2.2.3. Covariate Variables

The covariate variables were sex, sleep, perceived body shape, experience of being bullied, and feelings of unsafety due to violence. Sex was categorized into male and female. The amount of sleep was classified as less than 6 h, 6–7 h, 7–8 h, or more than 8 h. The response options for perceived body shape were very thin, somewhat thin, average, somewhat fat, and very fat. The response options for the experience of bullying and feelings of unsafety due to violence were yes and no. For all covariates, the responses were used without any modifications.

2.3. Data Analysis

The collected data were analyzed in the following manner. First, a frequency analysis was conducted to determine the characteristics of the study population. Second, we conducted chi-square analyses to identify significant differences in the characteristics of the study population based on BMI values. Third, we performed multivariate logistic regression analyses to determine the association of BMI with the weekly frequency of moderate-intensity physical activity, eating habits, and the use of the Internet or games. Odds ratios (ORs), 95% confidence intervals (CIs), and p-values were determined. Statistical significance was set at the p < 0.05 level. All statistical analyses were performed using SPSS for Windows (version 23.0; IBM Corp., Armonk, NY, USA).

3. Results

3.1. Characteristics of the Study Population

Table 1 presents the characteristics of the study population. Among the 23,583 individuals, most were male (51.4%). Regarding BMI, normal-weight individuals were the highest in number (44.6%), followed by those who were underweight (24.7%), those who were obese (19.6%), and those who were overweight (11.1%). Most individuals engaged in moderate-intensity physical activity once or twice a week (32.0%) or rarely (28.0%). Most individuals ate fast food once or twice a week (73.8%) or never (16.8%). Most individuals always ate breakfast (41.5%) or on most days (22.8%). Most individuals used the Internet or games (63.6%). Furthermore, individuals who perceived their body shape as average were the highest in number (40.8%).

3.2. Differences in the Characteristics of the Study Population Based on BMI

Table 2 presents the results of identifying differences in the characteristics of the study population based on BMI. Sex (χ2 = 562.498, p < 0.001), weekly frequency of moderate-intensity physical activity (χ2 = 146.525, p < 0.001), breakfast intake (χ2 = 101.071, p < 0.001), use of the Internet or games (χ2 = 68.929, p < 0.001), amount of sleep (χ2 = 43.344, p < 0.001), perceived body shape (χ2 = 12,439.26, p < 0.001), and experience of being bullied (χ2 = 21.599, p < 0.001) differed significantly based on BMI.

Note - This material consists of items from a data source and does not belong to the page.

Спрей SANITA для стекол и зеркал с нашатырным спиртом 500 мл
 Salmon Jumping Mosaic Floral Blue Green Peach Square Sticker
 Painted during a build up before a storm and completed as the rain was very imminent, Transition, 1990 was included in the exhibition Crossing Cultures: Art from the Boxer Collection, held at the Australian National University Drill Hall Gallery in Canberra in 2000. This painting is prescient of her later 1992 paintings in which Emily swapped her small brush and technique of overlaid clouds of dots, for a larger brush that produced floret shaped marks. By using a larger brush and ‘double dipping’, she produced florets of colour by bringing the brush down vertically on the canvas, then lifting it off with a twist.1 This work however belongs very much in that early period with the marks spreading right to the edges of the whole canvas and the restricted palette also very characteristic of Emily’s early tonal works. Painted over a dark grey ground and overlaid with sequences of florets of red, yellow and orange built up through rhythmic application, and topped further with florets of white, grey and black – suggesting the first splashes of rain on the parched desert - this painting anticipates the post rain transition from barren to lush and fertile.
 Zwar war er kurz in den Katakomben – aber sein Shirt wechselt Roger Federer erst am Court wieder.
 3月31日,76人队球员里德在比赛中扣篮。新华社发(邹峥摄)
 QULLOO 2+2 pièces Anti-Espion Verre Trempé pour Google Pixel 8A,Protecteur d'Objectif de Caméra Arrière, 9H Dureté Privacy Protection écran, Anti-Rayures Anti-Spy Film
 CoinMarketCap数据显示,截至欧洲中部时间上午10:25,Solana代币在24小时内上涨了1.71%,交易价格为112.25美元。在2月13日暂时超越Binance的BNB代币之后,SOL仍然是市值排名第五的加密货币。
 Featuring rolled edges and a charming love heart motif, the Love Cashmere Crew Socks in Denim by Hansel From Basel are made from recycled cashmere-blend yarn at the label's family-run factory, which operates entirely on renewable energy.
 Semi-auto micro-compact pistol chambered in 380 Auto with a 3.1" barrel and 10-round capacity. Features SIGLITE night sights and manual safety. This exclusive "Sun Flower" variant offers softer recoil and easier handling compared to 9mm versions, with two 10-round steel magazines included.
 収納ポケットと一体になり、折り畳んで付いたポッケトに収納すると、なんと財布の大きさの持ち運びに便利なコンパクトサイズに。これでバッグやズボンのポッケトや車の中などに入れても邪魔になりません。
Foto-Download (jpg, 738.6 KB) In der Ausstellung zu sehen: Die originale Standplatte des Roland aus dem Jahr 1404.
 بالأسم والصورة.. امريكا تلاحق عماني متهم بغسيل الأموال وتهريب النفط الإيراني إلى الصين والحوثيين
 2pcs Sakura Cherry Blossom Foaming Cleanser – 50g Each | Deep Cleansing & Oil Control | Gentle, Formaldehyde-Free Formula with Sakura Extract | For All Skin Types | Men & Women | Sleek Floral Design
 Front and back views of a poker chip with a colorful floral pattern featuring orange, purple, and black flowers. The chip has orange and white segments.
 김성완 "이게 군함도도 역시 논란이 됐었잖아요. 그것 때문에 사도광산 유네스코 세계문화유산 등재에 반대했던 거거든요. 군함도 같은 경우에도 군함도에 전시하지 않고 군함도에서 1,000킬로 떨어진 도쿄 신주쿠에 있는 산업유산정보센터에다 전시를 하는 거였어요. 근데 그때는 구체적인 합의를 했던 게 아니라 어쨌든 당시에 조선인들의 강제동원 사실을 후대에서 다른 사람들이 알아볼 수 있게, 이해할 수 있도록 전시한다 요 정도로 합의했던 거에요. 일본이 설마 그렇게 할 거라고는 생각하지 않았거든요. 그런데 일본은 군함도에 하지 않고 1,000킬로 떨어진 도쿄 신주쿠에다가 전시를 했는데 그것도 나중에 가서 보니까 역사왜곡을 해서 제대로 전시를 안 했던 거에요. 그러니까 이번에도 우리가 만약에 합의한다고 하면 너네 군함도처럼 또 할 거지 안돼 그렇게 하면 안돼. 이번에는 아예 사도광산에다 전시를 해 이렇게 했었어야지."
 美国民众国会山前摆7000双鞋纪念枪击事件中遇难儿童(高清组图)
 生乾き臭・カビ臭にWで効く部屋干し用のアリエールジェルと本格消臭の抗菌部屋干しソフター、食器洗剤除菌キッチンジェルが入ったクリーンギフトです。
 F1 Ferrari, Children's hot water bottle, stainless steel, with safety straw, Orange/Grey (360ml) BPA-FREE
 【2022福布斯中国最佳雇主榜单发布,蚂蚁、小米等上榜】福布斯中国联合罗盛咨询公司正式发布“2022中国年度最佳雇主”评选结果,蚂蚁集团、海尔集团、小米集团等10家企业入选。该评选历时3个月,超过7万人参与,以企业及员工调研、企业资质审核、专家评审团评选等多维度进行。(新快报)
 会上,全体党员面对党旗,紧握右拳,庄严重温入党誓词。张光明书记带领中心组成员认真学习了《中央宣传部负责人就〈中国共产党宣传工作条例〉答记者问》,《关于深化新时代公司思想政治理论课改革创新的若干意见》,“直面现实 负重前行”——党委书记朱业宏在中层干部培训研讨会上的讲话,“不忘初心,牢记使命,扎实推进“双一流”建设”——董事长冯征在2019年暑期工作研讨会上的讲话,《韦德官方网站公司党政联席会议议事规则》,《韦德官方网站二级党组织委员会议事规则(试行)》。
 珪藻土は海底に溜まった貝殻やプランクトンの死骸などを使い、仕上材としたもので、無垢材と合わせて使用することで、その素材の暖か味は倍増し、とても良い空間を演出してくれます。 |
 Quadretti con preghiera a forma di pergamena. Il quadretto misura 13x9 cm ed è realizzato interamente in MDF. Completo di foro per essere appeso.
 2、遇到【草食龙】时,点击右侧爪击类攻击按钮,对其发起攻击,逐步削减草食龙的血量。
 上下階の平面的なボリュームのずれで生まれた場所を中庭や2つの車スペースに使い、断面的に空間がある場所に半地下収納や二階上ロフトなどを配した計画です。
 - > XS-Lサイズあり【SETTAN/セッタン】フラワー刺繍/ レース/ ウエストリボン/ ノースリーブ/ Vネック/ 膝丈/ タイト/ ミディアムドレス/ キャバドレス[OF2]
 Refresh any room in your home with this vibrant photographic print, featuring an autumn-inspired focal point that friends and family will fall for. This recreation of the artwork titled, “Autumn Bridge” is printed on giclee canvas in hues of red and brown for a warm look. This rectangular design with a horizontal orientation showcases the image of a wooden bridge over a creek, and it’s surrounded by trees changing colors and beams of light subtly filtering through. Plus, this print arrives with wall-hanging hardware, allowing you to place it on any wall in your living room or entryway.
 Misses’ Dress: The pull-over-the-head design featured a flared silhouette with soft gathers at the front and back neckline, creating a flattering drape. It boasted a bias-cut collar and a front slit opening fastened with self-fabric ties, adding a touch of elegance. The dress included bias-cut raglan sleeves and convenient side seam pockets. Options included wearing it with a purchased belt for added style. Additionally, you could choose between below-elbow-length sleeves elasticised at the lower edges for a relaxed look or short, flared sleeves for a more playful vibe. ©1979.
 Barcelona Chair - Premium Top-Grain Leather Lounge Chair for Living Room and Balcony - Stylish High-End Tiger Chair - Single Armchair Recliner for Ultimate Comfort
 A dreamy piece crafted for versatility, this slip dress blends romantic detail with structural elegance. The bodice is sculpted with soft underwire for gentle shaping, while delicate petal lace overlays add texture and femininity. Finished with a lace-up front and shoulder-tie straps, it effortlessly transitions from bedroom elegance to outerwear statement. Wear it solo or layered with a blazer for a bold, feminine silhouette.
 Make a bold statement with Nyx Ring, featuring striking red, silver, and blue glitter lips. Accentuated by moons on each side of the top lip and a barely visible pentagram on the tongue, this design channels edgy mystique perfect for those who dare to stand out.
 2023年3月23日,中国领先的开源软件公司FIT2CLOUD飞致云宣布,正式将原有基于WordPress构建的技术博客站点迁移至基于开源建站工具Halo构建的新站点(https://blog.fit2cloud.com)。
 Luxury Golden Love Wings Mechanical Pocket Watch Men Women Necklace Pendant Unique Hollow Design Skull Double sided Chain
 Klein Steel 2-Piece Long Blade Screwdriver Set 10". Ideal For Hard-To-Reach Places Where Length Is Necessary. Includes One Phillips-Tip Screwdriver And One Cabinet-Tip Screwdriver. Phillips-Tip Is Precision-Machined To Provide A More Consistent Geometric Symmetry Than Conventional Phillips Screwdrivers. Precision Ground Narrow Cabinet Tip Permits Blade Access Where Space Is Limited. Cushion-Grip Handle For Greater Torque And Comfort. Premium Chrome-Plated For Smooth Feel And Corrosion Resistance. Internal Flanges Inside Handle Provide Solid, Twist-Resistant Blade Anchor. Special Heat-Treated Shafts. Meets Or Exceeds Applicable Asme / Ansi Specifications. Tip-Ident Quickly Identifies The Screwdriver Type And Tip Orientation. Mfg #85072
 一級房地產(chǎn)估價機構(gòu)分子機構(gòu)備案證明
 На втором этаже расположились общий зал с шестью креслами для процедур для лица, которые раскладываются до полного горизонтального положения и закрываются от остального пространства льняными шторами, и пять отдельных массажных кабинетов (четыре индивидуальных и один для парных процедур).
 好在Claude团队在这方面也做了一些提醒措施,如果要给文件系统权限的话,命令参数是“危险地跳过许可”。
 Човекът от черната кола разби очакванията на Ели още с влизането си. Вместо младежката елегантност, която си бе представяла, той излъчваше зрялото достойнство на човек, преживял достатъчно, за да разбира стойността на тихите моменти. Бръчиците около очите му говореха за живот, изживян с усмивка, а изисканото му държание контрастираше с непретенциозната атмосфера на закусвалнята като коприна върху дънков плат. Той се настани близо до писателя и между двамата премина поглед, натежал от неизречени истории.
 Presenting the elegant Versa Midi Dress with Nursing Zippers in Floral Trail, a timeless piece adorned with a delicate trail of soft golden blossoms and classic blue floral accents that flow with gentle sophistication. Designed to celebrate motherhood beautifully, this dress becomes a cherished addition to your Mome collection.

3.3. Association between BMI and the Weekly Frequency of Moderate-Intensity Physical Activity

Table 3 presents the results of analyzing the association between BMI and the weekly frequency of moderate-intensity physical activity. Among those who were underweight, the OR of 3–4 days of participation in moderate-intensity physical activity was 0.764 (95% CI: 0.664–0.880; p < 0.001). Among those who were normal-weight, the OR of more than 5 days of participation in moderate-intensity physical activity was 1.279 (95% CI: 1.131–1.446; p < 0.001). Among those who were overweight, the OR of 3–4 days and more than 5 days of participation in moderate-intensity physical activity was 1.172 (95% CI: 1.019–1.348; p = 0.026) and 1.181 (95% CI: 1.011–1.380; p = 0.036), respectively.

3.4. Association between BMI and Breakfast Intake

Table 4 shows the results of the analysis of the association between BMI and breakfast intake. Among those who were underweight, the OR of always eating breakfast and mostly eating breakfast was 1.299 (95% CI: 1.114–1.515; p < 0.001) and 1.236 (95% CI: 1.045–1.461; p = 0.013), respectively. Among those who were normal-weight, the OR of always eating breakfast was 1.157 (95% CI: 1.026–1.305; p = 0.018). Among those who were overweight, the OR of mostly eating breakfast was 1.215 (95% CI: 1.030–1.433; p = 0.021).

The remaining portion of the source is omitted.